В тот день Дима вернулся с тренировки по баскетболу. Мышцы отяжелели от усталости, во рту стоял приторный вкус газировки, мешавшийся с застрявшими между зубов солеными крошками сухариков, которые они с ребятами ели по дороге, и, в сущности, это был отвратительный привкус, чем-то напоминавший привкус гнили, остающийся на языке у язвенника.
Дима сбросил кроссовки у порога и прошел в комнату, где прежде жили они с бабушкой, ту самую, где пустующий сервиз наводил на мысли о горе скорее, чем отец, просиживавший на кухне в грязной дырявой майке все вечера напролет. Он не успел даже переступить порога своей комнаты – ему навстречу, точно призрак, выплыл из темной глубины бледный силуэт матери:
– Зайди к отцу.
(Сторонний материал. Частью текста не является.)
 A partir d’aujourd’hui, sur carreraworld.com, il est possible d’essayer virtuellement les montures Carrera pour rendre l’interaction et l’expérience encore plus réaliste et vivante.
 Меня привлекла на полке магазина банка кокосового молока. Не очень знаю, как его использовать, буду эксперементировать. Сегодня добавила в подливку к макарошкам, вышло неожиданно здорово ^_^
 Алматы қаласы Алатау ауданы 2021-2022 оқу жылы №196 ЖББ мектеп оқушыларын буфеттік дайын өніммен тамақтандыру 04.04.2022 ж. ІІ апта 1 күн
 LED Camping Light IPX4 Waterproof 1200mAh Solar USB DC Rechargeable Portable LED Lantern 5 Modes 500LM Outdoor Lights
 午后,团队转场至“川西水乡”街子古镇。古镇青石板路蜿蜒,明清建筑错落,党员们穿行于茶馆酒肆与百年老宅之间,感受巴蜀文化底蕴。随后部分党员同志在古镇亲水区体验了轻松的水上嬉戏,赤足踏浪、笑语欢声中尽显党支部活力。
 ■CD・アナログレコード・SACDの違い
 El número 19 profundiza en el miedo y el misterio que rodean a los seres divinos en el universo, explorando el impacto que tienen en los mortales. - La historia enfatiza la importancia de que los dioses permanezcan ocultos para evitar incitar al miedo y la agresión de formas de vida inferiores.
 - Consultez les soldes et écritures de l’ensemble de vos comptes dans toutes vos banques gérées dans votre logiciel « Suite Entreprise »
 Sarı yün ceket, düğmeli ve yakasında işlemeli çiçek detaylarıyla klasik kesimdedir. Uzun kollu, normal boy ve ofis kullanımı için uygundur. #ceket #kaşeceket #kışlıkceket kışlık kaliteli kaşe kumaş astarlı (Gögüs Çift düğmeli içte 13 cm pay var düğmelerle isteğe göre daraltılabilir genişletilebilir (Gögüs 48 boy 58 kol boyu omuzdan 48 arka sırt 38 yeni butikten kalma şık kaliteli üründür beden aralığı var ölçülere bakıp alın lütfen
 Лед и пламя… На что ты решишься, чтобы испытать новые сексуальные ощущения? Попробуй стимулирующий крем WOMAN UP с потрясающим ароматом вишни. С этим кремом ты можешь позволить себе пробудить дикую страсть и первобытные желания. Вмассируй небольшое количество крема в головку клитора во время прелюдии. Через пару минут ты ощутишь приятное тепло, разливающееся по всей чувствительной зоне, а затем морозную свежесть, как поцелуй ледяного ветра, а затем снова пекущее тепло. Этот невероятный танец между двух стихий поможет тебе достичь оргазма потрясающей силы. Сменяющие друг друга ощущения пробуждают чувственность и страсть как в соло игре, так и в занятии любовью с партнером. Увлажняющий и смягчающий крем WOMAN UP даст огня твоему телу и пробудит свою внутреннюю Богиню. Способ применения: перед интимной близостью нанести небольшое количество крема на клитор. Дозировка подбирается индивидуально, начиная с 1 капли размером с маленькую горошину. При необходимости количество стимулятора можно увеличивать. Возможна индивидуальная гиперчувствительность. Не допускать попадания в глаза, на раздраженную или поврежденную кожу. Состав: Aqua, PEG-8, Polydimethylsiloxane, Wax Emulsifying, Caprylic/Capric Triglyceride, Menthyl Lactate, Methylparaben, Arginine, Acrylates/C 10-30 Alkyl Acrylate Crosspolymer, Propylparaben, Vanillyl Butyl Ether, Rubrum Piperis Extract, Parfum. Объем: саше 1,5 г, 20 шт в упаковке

Он тебя ждет.
Дима не особо любил разговаривать с домашними, поэтому никогда не пускался в полемику. Кинув сумку у двери, он прошел на кухню, откуда даже свет не горел. По заведенной в доме традиции, Дима несколько раз постучал костяшкой о дверной косяк, словно кухня была отцовским кабинетом и он просил разрешения войти, хотя дверь была раскрыта настежь (стучали они больше для того, чтобы отец в пьяном угаре не испугался их появления), и, заметив, что мужчина напротив поднял голову, прошел к раковине. Выкрутив кран так, чтобы вода лилась тонкой струей, Дима ополоснул лицо и шею. На улице была осень, но он долго остывал после тренировки и, пока они с ребятами добирались до своего района, на его шее и лице заново успевала образоваться липкая пленка.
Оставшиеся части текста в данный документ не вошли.